What happened in the intervening years between that story and #MeToo and #TimesUp is an evolution in attitudes about what constitutes appropriate behavior in the workplace. At times, it can feel like a one-step-forward-three-steps-back narrative because it took nearly 50 years for the voices of those who had to soldier on while being harassed to gain enough momentum to topple (some) of the high-powered perpetrators of abuse.

While sexism and discrimination are as old as the human race, the very term “sexual harassment” was coined in the mid-’70s by Lin Farley, then director of the women’s section of Cornell University’s Human Affairs Program. “I kept thinking we’ve got to come up with a name,” she told the Times, “and the best I could come up with was sexual harassment of women on the job.” At that time, Cornell did a small survey of 155 women attending a workshop and found that 70% of them said they’d been harassed on the job, and of the 50% who said they reported it found that nothing was done. And at the time, there was no legal protection for the victims.

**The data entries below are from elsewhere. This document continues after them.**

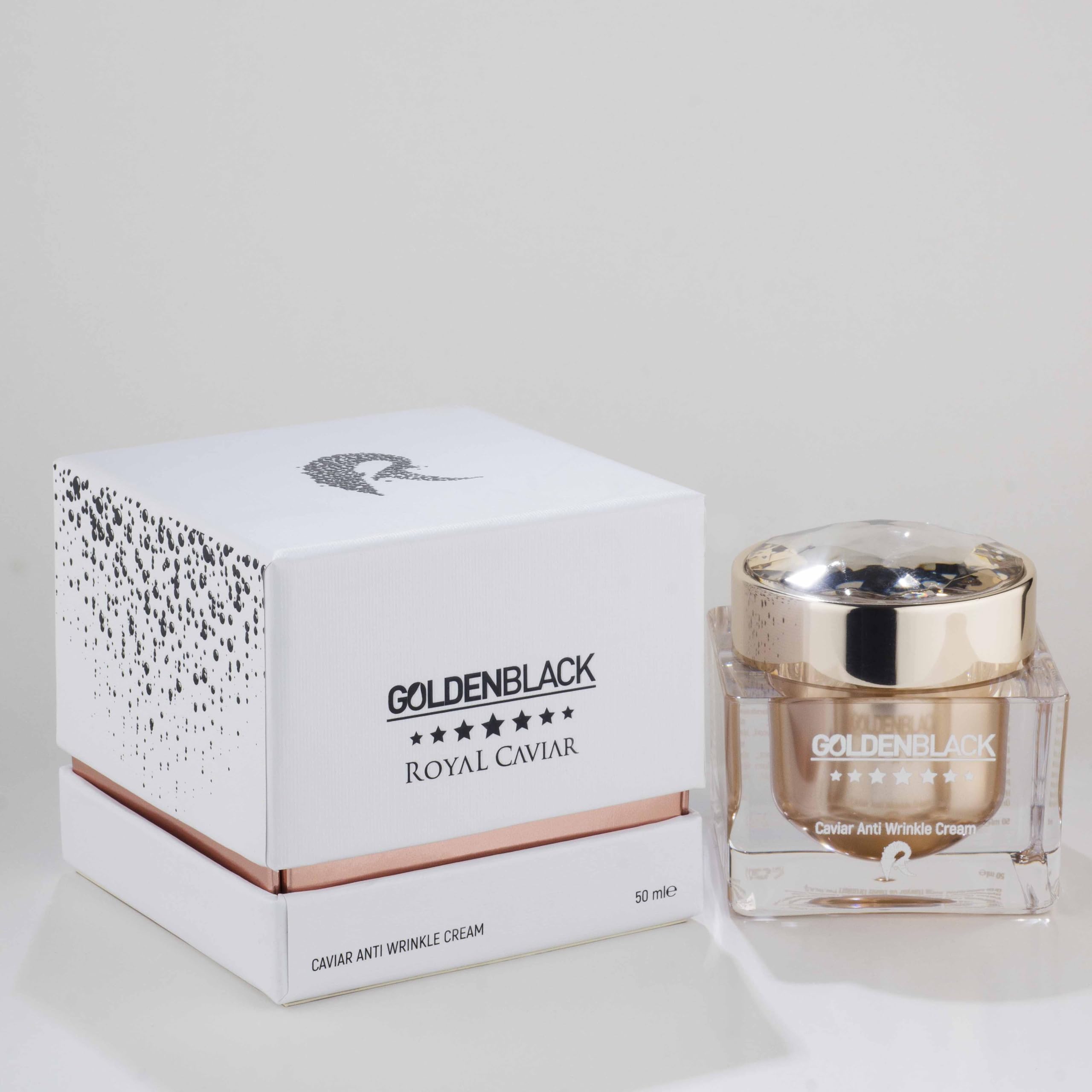 Discover GOLDEN BLACK Royal Caviar Anti-Wrinkle Cream, a luxurious formula enriched with Beluga caviar. This precious 50ml treatment offers a unique sensory experience with its sumptuous texture and elegant packaging. The cream combines premium ingredients to help visibly reduce the appearance of wrinkles and fine lines. Its refined glass jar, topped with a gold lid, reflects the premium quality of this cream. Perfect for a sophisticated beauty routine, it is applied morning and evening to a perfectly cleansed face and neck. The formula works to help maintain skin hydration while targeting the visible signs of aging. A truly high-end skincare experience that combines luxury and effectiveness to enhance your skin every day. DIRECTIONS FOR USE Adults SAFETY WARNING Avoid contact with eyes See more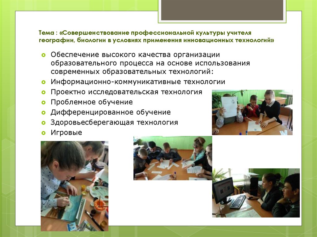 Тема : «Совершенствование профессиональной культуры учителягеографии, биологии в условиях применения инновационных технологий»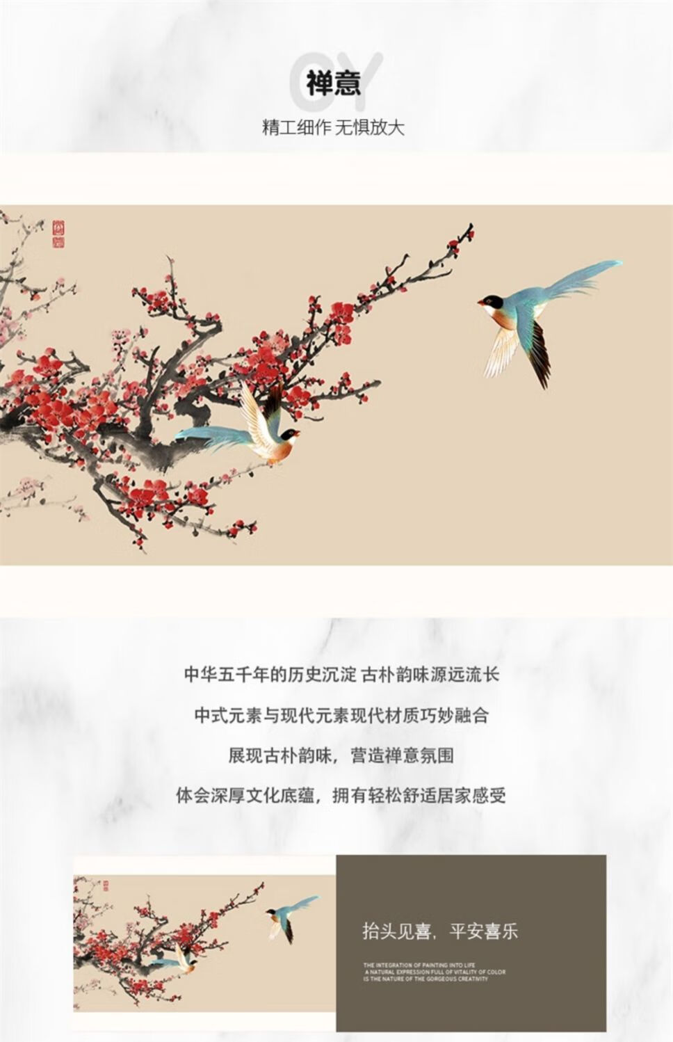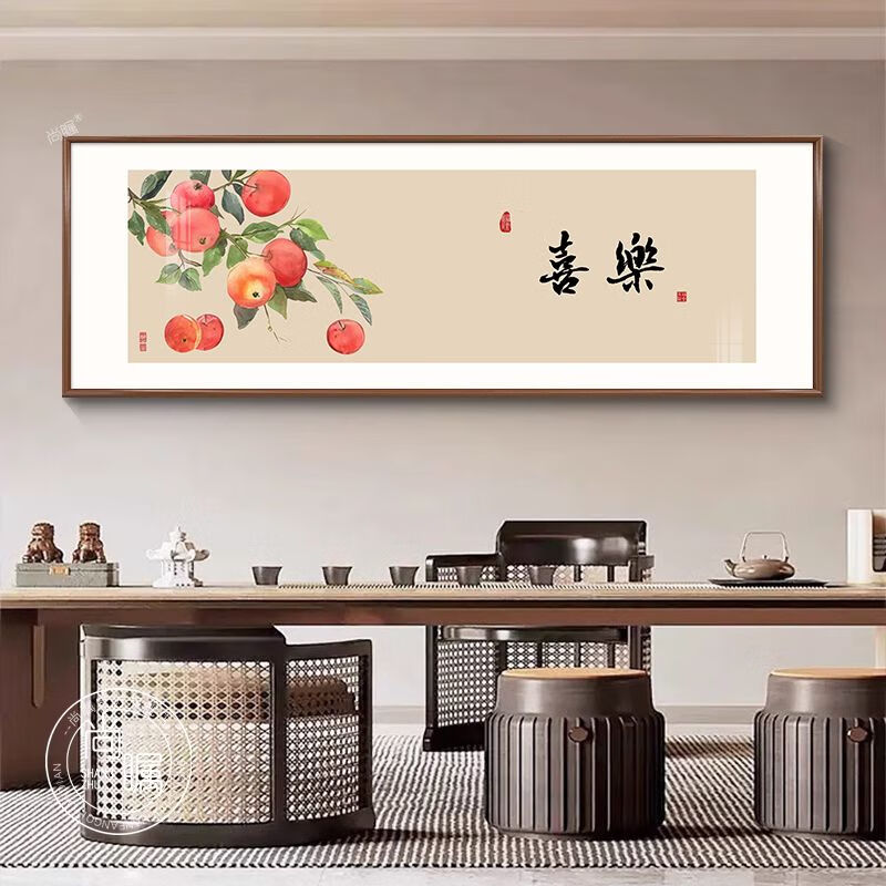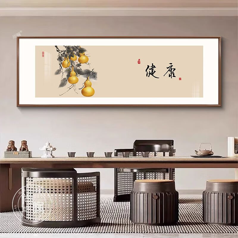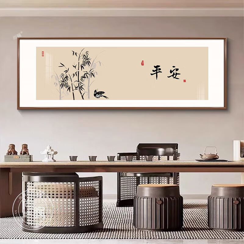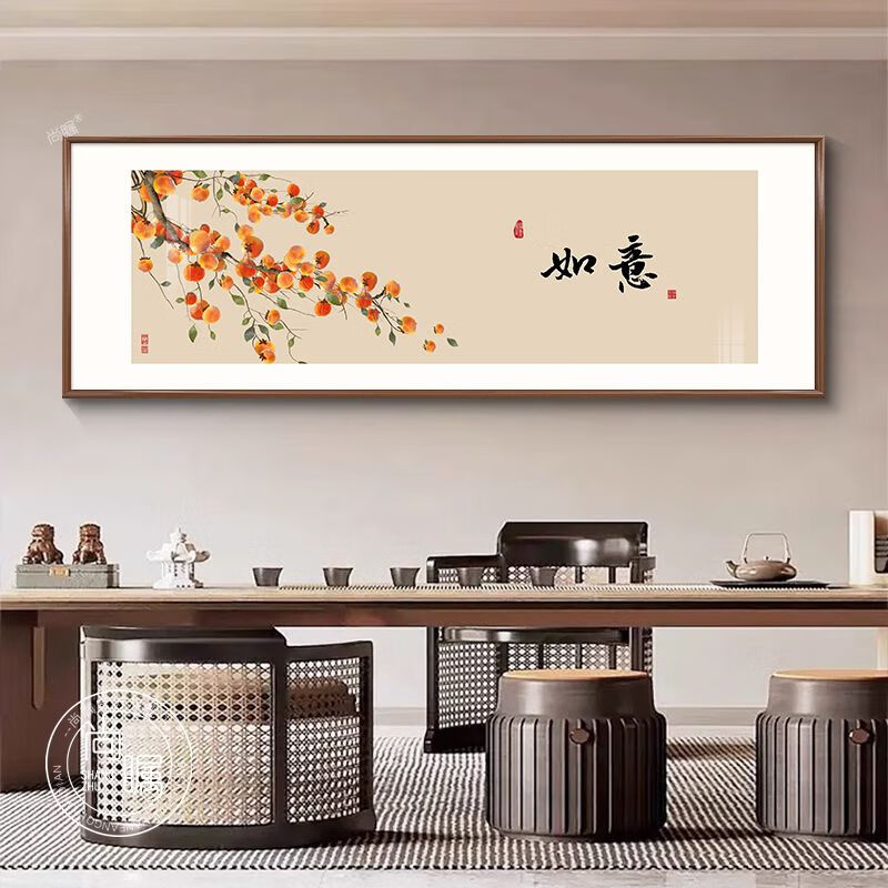 OYKTN中式字画茶室挂画客厅沙发背景墙装饰画餐厅禅意办公室花鸟壁画 C款-如意 30*90超透晶瓷面+尊雅铝合金黑框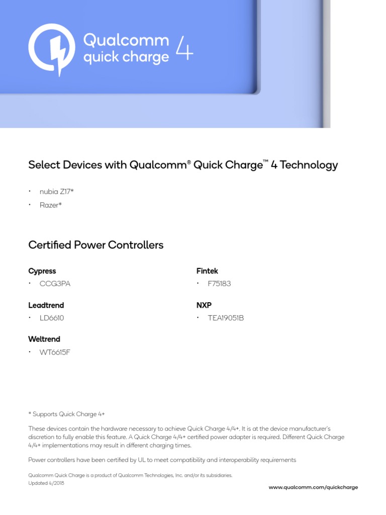 Select Devices with Qualcomm® Quick Charge™ 4 Technology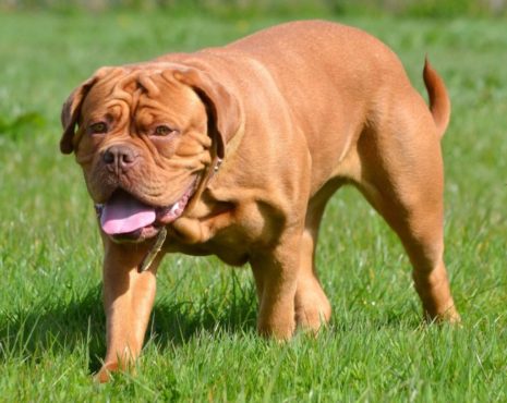 The courageous French Mastiff dogs also known as Dogue de Bordeaux. This breed of dog is distinguished by their massive head and muscular body. The adult dogs can have a height between 20-23 inches and weigh up to 62.2 kg. Their skin is very thick and the bod features significant wrinkles on their face and neck.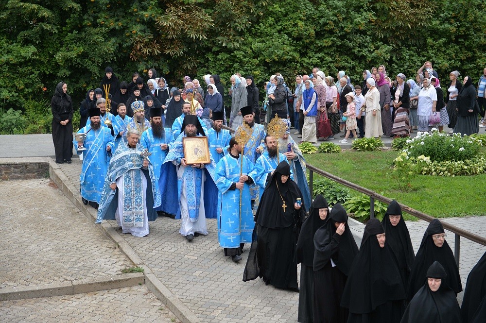 Накануне богослужение началось малой вечерней с пением акафиста чтимому образу Матери Божией и продолжилось всенощным бдением в Казанском соборе обители.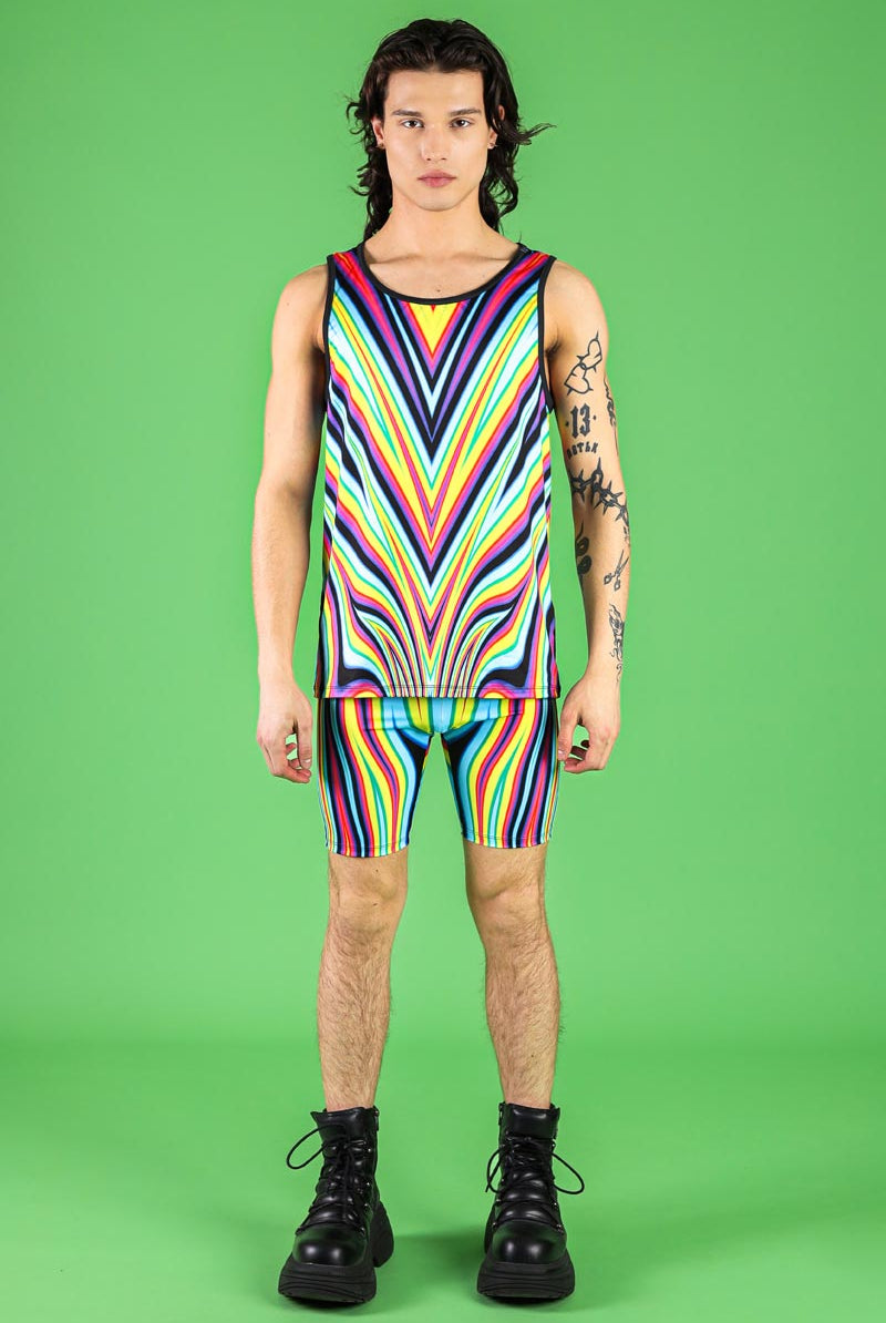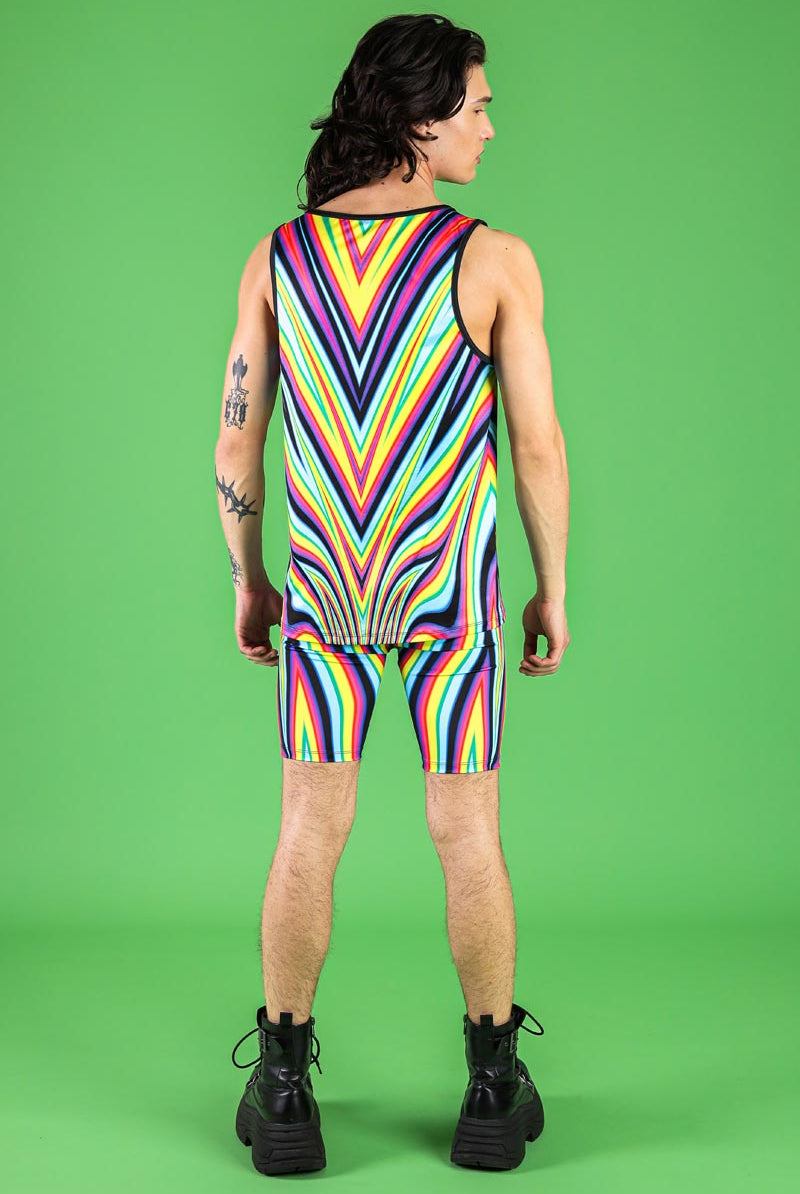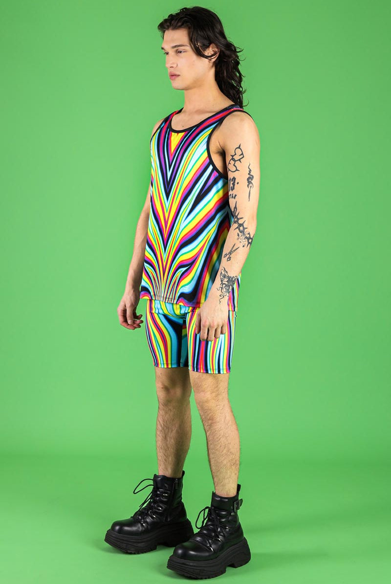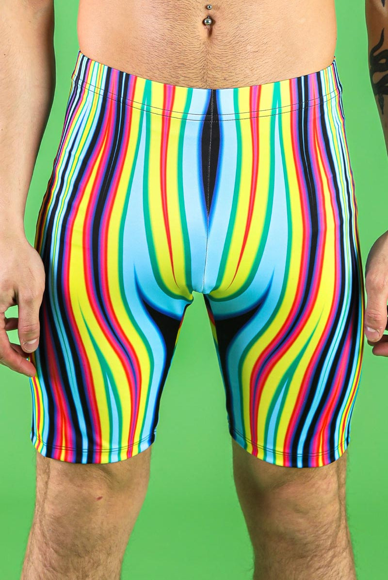 Add a burst of color to your wardrobe with these men's biker shorts, showcasing the eye-catching Chroma Rebel pattern. Designed for a snug yet comfortable fit, these shorts feature a waistband that ensures they stay in place no matter how active you are. The stretchy material allows for full range of motion, making them perfect for dancing, exercising, or simply making a statement at any event.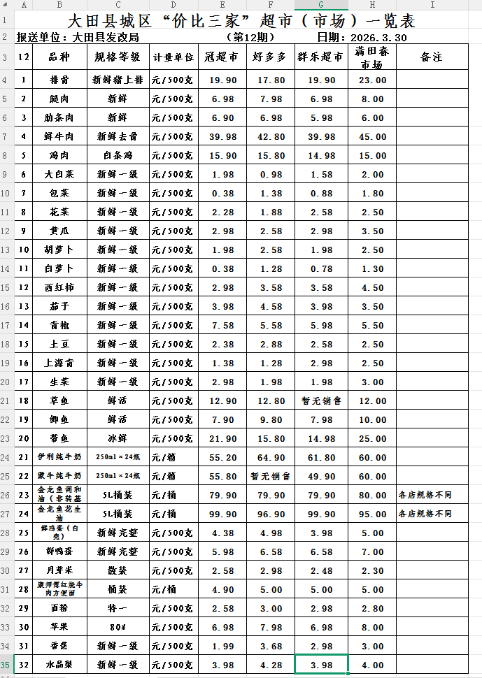 大田县城区“价比三家”超市(市场)一览表2026.3.30

Not long afterward, in 1977, Ms. Magazine published a cover story called “Sexual Harassment on the Job and How to Stop It” to further raise awareness and give women the tools they needed to speak out.


Related: Would You Know If Your Company Had A Sexual Harassment Problem?


The first sexual harassment case

However, it wasn’t until 1979 when Catharine MacKinnon, a Yale-educated attorney who had attended one of Lin Farley’s consciousness-raising events, published Sexual Harassment of Working Women that the U.S. judicial system began to see its way toward viewing sexual harassment as a form of discrimination.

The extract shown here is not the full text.